Now weeks and months after the web came undone, he desperately fights to maintain some semblance of control with lies that grow more flagrant with each ignored call. And it hardly seems fair. Haven’t I suffered enough? Granted I’ve suffered as a result of my own decision to let this individual infect my life. But I also made the decision to ask him to get gone. Form of blocked Facebook pages, filtered emails, changed locks, new phone numbers and now a potential move.
Each attempt at contact feels like a violation. Each decision I have to make as a result of his predatory behavior feels like I’m ceding ground. I’m backed into a corner without the freedom to determine basic aspects of my life trajectory for fear his path will strategically cross mine. I’ve banished his physical presence but he gets to preserve his hold.

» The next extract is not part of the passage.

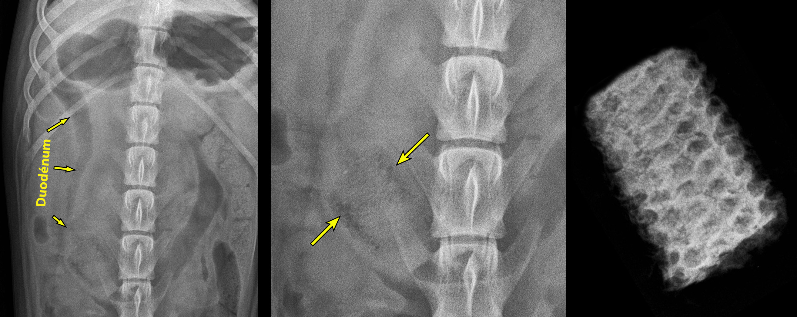 Le duodénum montre une quantité excessive de liquide et d’air, formant un patron semi-fragmenté (flèches sur l’image de gauche). En portion caudale du duodénum descendant, on peut voir une structure déformant la lumière du duodénum et montrant multiples petites logettes aériques, plus évidentes en périphéries latérales (flèches sur l’image centrale magnifiée). L’apparence de cette structure est compatible avec un petit segment d’épi de maïs (ou de blé d’inde si comme moi vous habitez le Québec). À droite, on peut voir l’apparence radiographique d’un autre segment d’épi, celui-ci entouré d’air (gracieuseté de Kate Alexander).

He continues to invade from thousands of miles away. I continue to surrender.
He gains ground when I go to extremes to block contact. I wave a white flag when I read each message that manages to slip through. I forfeit with tinges of guilt and lingering compassion despite the fact that the circumstances that warrant compassion are likely blatant lies.

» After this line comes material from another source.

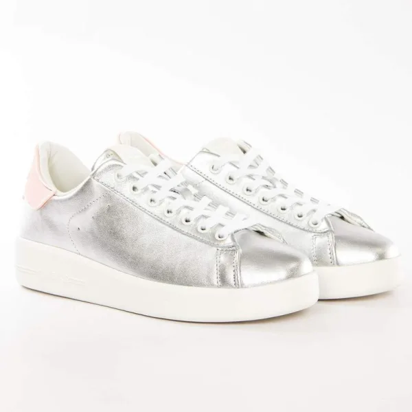 Guess Classic Silver Sneakers voor dames, zilverkleurig synthetisch materiaal. Authentieke Guess-schoen - streetwear/sportstijl design van Guess - Guess voor dames, modieus en perfect voor dagelijks gebruik - deze zilveren Guess-sneakers zijn gemakkelijk te combineren met de rest van je garderobe - comfortabel synthetisch materiaal - klassieke veters - klassiek zilver - synthetisch

Of the hundreds of emotions I’ve experienced in the past three months, I’ve found those I most deserve to express are those I have difficulty embracing. I’ve seen the wolf beneath the wool and I’m still fighting the instinct to dress his wounds when I should be nursing those he inflicted on me. I deserve to be angry and the very fact that I question that anger with each pathetic line he gives me about his reformation and inevitable demise adds to the conflicted mess.
It’s a strange type of conflicted. With one clear path free of his existence. He has earned his place as a memory and nothing more. It seems the only way to lock him there right now is to retreat. Even if a stronger person would be able to reclaim her ground by any means necessary, I may have to regain my strength by going under it.